I am eager to get this baby girl into my arms. And a bit antsy...and GET OUT OF MY UTERUS LITTLE GIRL...ahhem...what I mean is I will be very happy to meet her. Today a friend asked me if I am mentally tired, or physically tired. I thought that was a wonderful question. I would say around 37 weeks I started getting mentally tired of being pregnant. However, starting about 5 days ago I would say I am physically tired. Today is the first day I have HURT...BAD. I have been uncomfortable for a while, but today I HURT. I'm taking that as a good sign though.

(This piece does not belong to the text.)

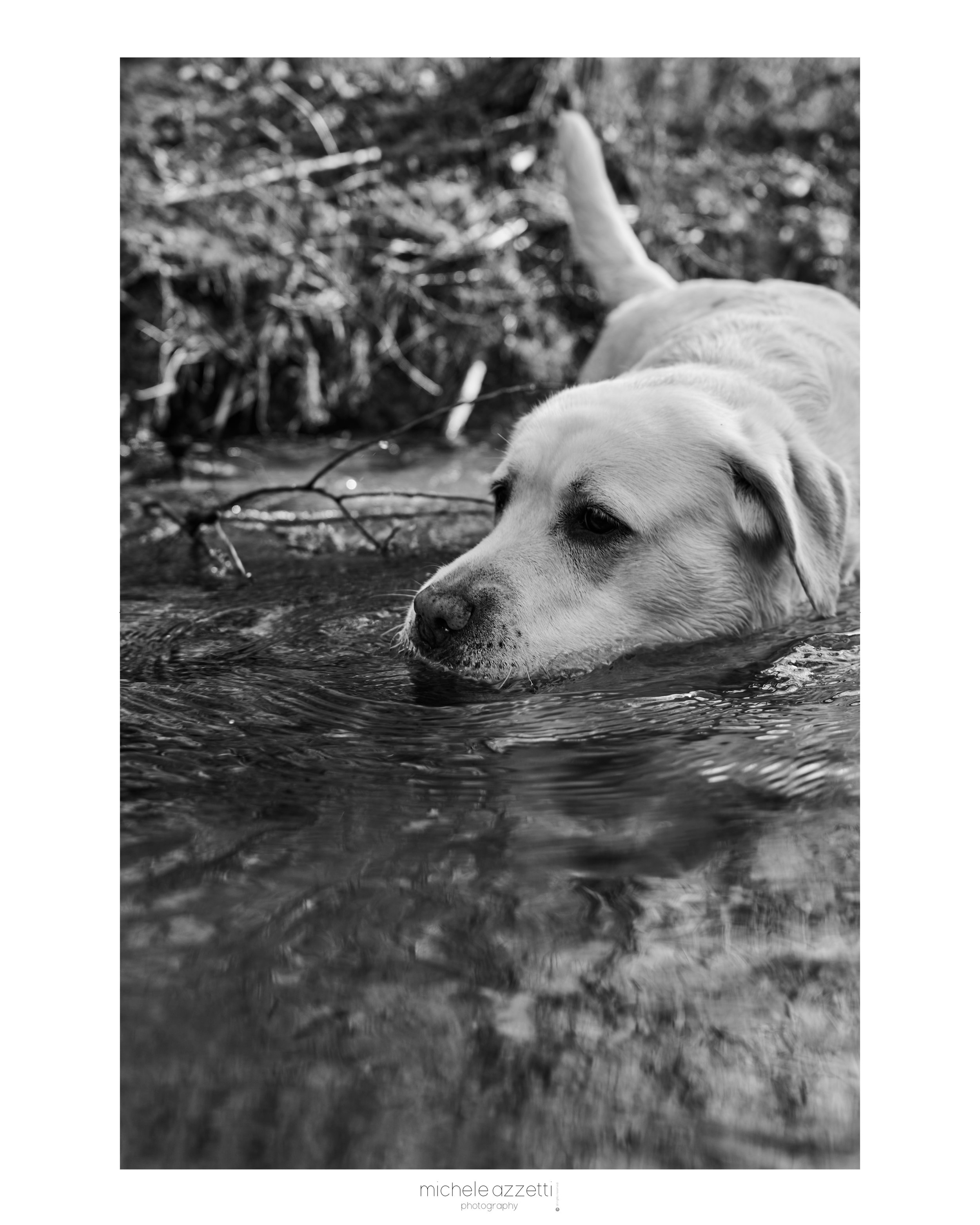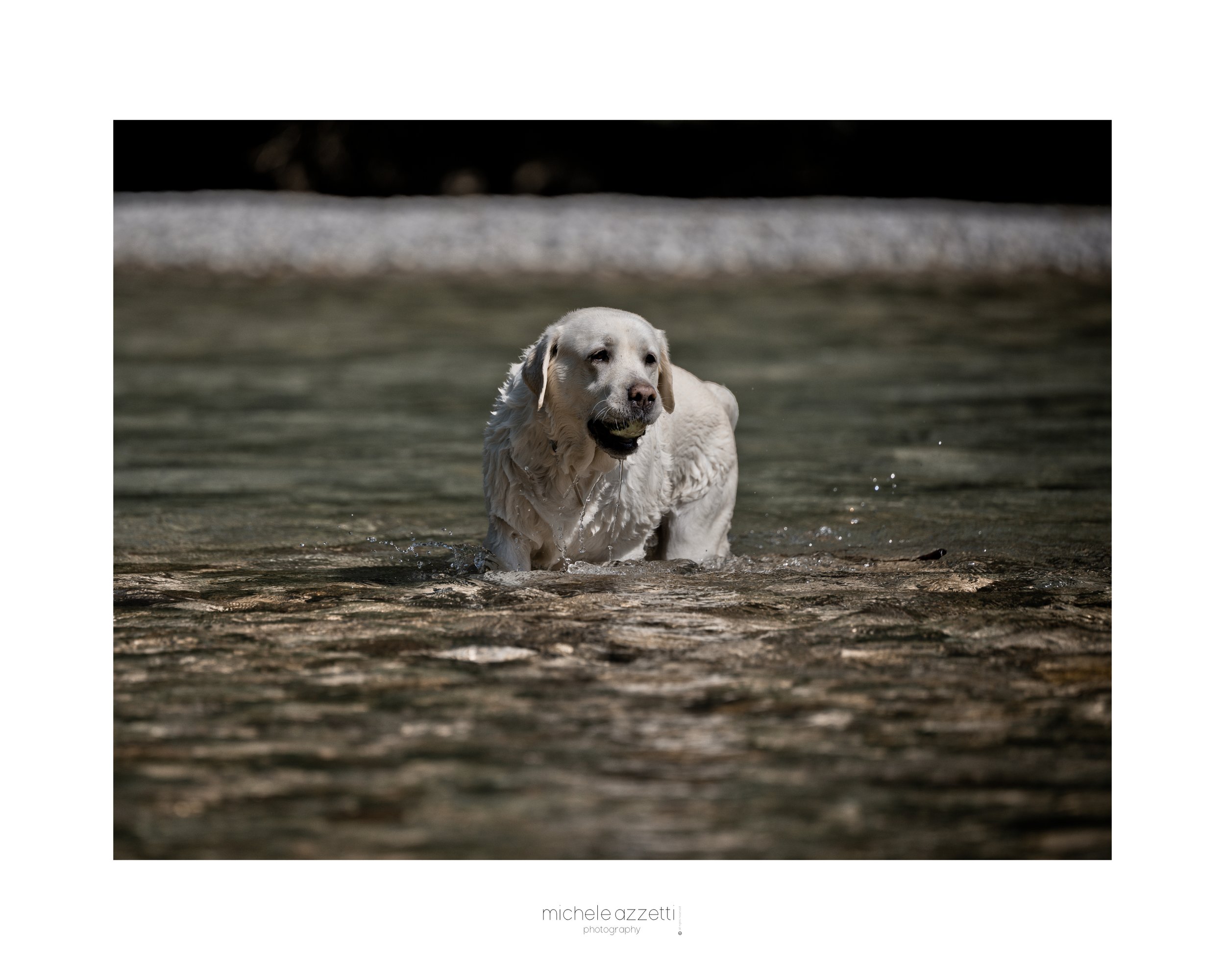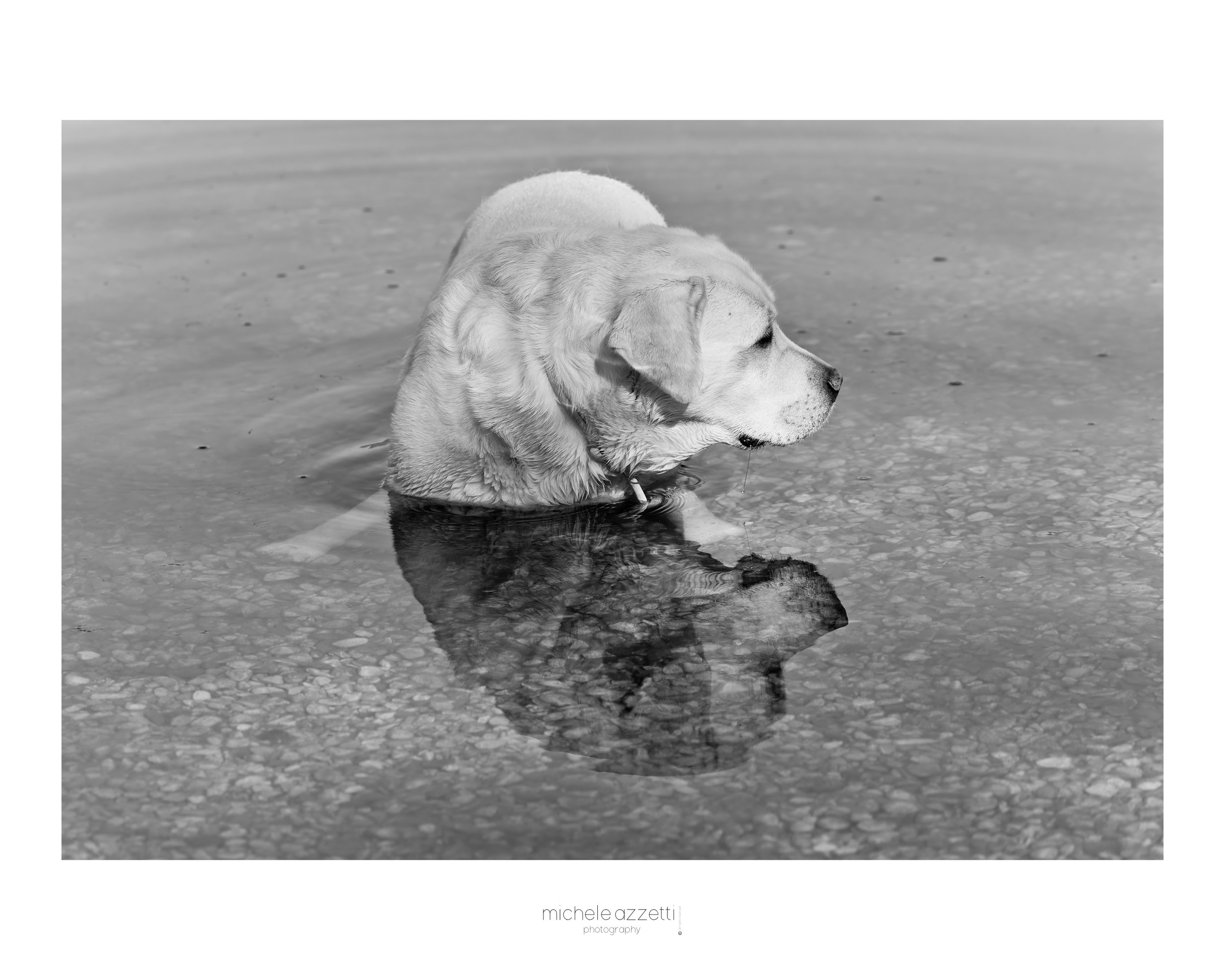 Un cane di colore chiaro è immerso in acqua e si guarda verso la fotocamera, con riflesso visibile nell'acqua

I know I will miss being pregnant. Miss those secret movements that are just between baby girl and I. I will miss having her all to myself, and I will miss knowing she is safe and sound. But I am excited for her to get here. I am to the point that everyday I wake up pregnant I have to remind myself to be joyful and make the most of the day I am living in. You never know if you will get to be pregnant again, and I am SO THANKFUL for the blessing of this pregnancy and of this little gal.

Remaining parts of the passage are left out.